Wir betrachten Inklusion nach wie vor als das zentrale, alles übergreifende Thema in der Behindertenpolitik und darüber hinaus. Trotz aller politischen Willenserklärungen sind wir allerdings von einer Gesellschaft, in deren Mitte alle behinderten Menschen gleichberechtigt, ohne Diskriminierung und Benachteiligung leben können, immer noch weit entfernt. Dabei muss die besondere Situation psychisch belasteter Menschen berücksichtigt werden. Gerade psychiatrieerfahrene Menschen stehen vor einer besonderen Art von gesellschaftlichen Barrieren. Ihre Behinderung ist oft nicht sichtbar und im Alltag schwer zu erkennen, Symptome und Leistungsfähigkeit können stark schwanken. Hinzu kommt, dass Vorurteile gegenüber psychischen Erkrankungen sich in den letzten Jahren wieder zu verstärken scheinen. Damit das Ziel der Inklusion von der Theorie zur Praxis wird, braucht es weitere Anstrengungen aller Beteiligten!

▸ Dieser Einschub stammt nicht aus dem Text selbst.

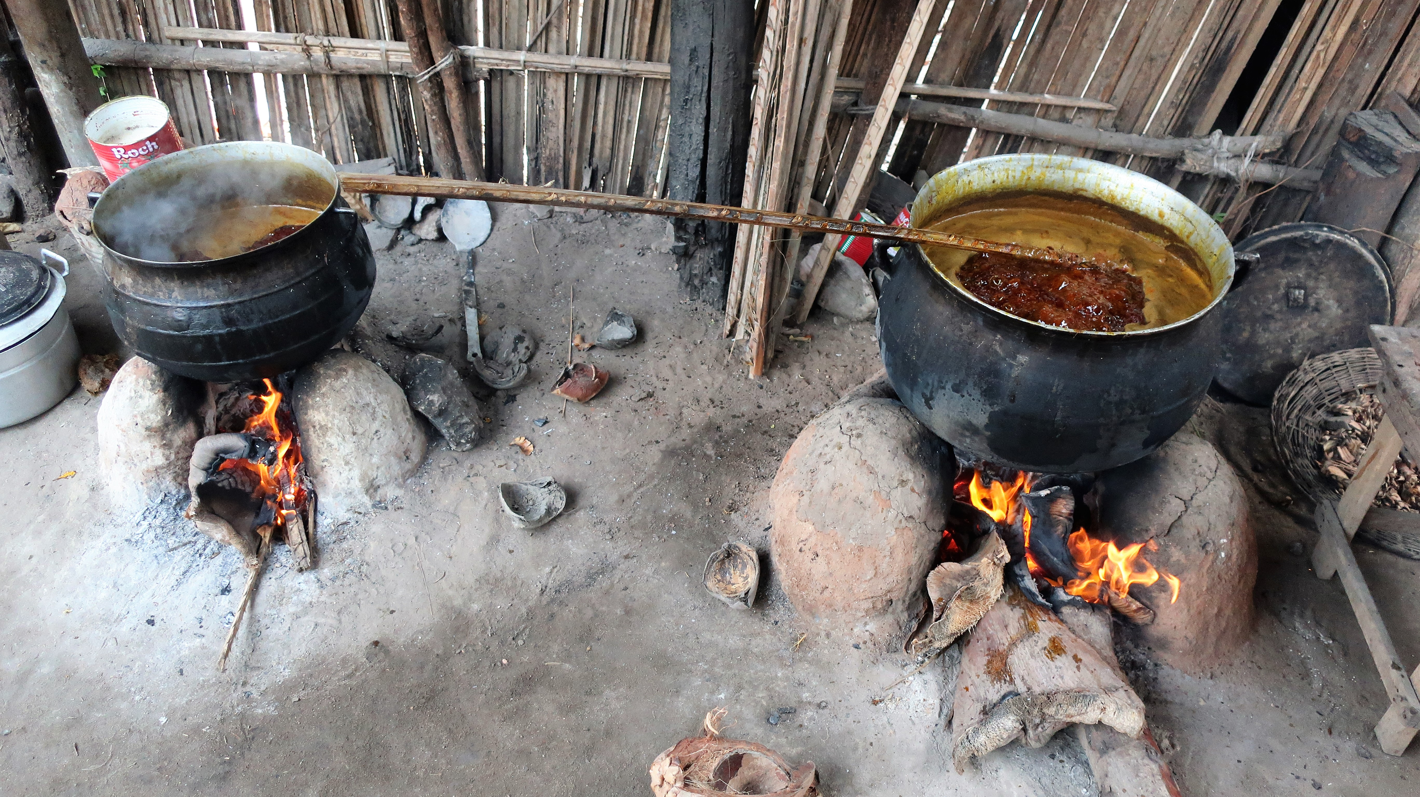 Two metal pots with palm oil in the making, both on fire palce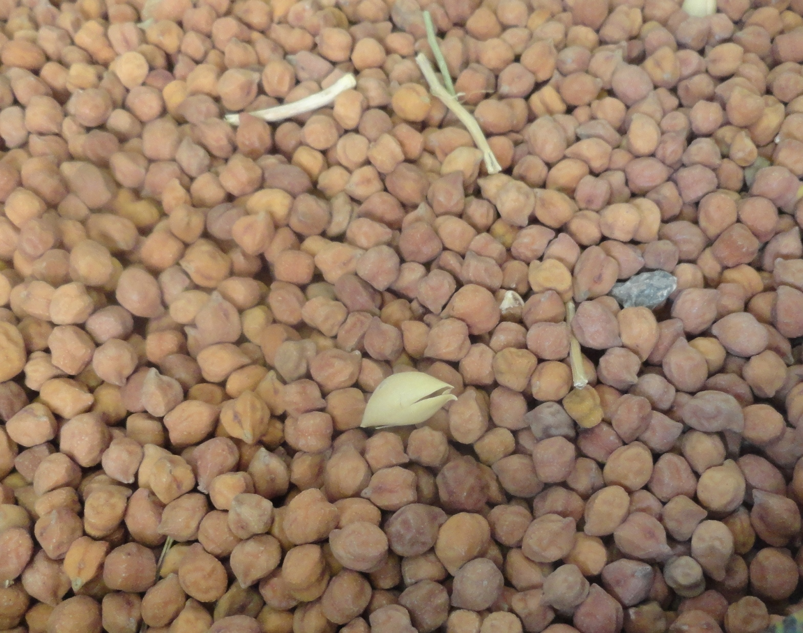 sanagalu

Träger und Mitarbeiter psychiatrischer Unterstützungsangebote
Forderung: Mehr inklusive und sozialraumorientierte Arbeit in der Gemeindepsychiatrie. Vergleichbar gute Finanzierung von inklusiven Hilfsangeboten.
Forderung: Mehr aufsuchende Hilfen für psychisch kranke Menschen und ihre Familien

Verantwortliche in Politik und Verwaltung
Forderung: Kein gemeindepsychiatrischer Verbund ohne die Beteiligung Psychiatrieerfahrener und Angehöriger. Mitwirkung und Mitentscheidung auf allen (psychiatrie)politischen Ebenen.

Psychiatrieerfahrene und ihre Angehörigen
Forderung: Menschen mit Behinderungen müssen sich mehr austauschen und mehr Verständnis untereinander entwickeln. Wenn sie mit einer Stimme sprechen, können sie mehr politische Kraft entwickeln.

Landesverband Gemeindepsychiatrie Baden-Württemberg e. V.
Landesverband Psychiatrie-Erfahrener Baden-Württemberg e. V.
Landesverband Baden-Württemberg der Angehörigen psychisch erkrankter Menschen e. V.